*Task to carry out:*
An exact transcription of every entry is required. Images are not part of it.

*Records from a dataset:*
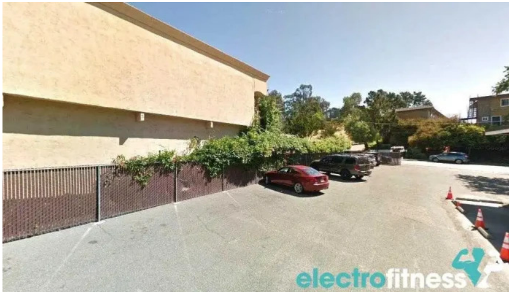
Willpower fitness lafayette
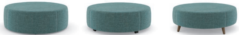
13" H, 40"D Glides 13" H, 40"D Casters 13" H, 40"D Wood Legs
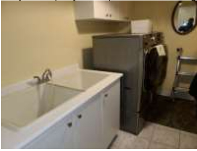
Pic. 31: Laundry
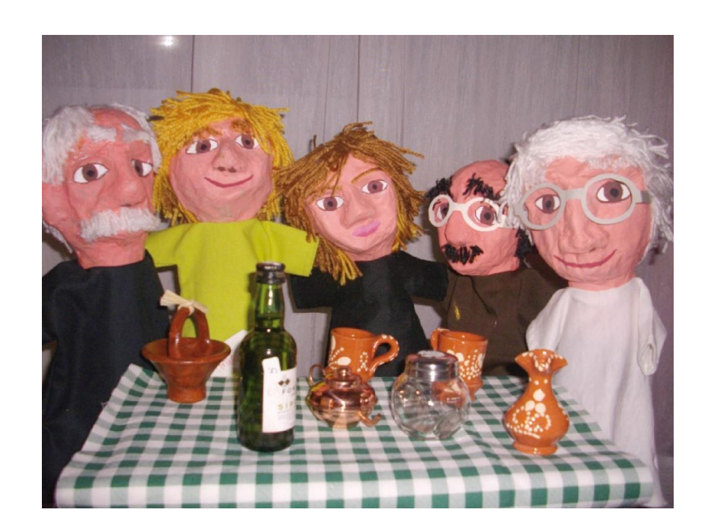
Figure 3: Puppets created by students at Escola EB 1,2 &3, Viana Do Castelo

his family and guests sit around a table sharing conversation, food and drink. The Portuguese national team used them to encourage students, aged 10-11, to reflect on the changing nature of family as an agent of socialization and how this influences citizen identity. (One reason the paintings are relevant for this theme is that children can compare what they see in them with their own family backgrounds. In so doing they may discover aspects of family life they can and cannot associate with). The teachers concerned drew on postmodern critiques that problematize mythical and stereotypical representations of childhood and family relations to challenge the students internalised conceptions of normal family life and awareness of multiple viewpoints. Moura and Sá's case study (2013) explains how this scheme unfolded.
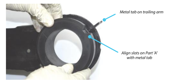
Figure 3 - Align slots on part A with welded tab on trailing arm
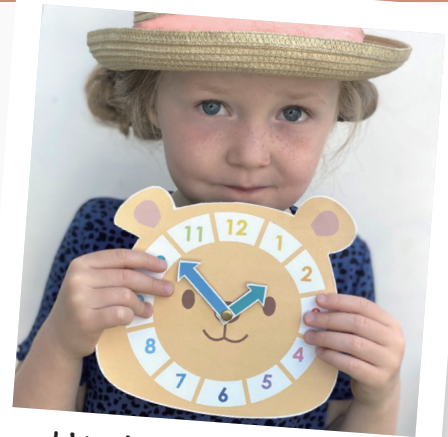
Here's one we made!
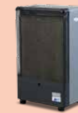
Catalytic Cabinet Heaters - 3.2kW 13 Kg Butane
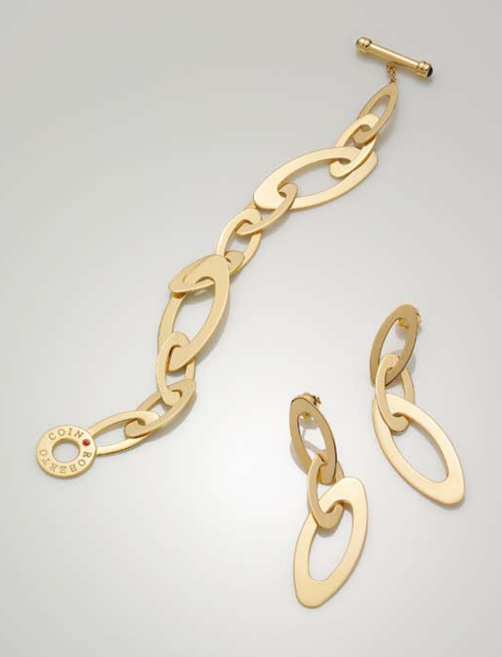
Chic and Shine Collection: 18k yellow gold oval link bracelet and earrings.

*Reply:*
Willpower fitness lafayette
13" H, 40"D Glides 13" H, 40"D Casters 13" H, 40"D Wood Legs
Pic. 31: Laundry
Figure 3: Puppets created by students at Escola EB 1,2 &3, Viana Do Castelo

his family and guests sit around a table sharing conversation, food and drink. The Portuguese national team used them to encourage students, aged 10-11, to reflect on the changing nature of family as an agent of socialization and how this influences citizen identity. (One reason the paintings are relevant for this theme is that children can compare what they see in them with their own family backgrounds. In so doing they may discover aspects of family life they can and cannot associate with). The teachers concerned drew on postmodern critiques that problematize mythical and stereotypical representations of childhood and family relations to challenge the students internalised conceptions of normal family life and awareness of multiple viewpoints. Moura and Sá's case study (2013) explains how this scheme unfolded.
Figure 3 - Align slots on part A with welded tab on trailing arm
Here's one we made!
Catalytic Cabinet Heaters - 3.2kW 13 Kg Butane
Chic and Shine Collection: 18k yellow gold oval link bracelet and earrings.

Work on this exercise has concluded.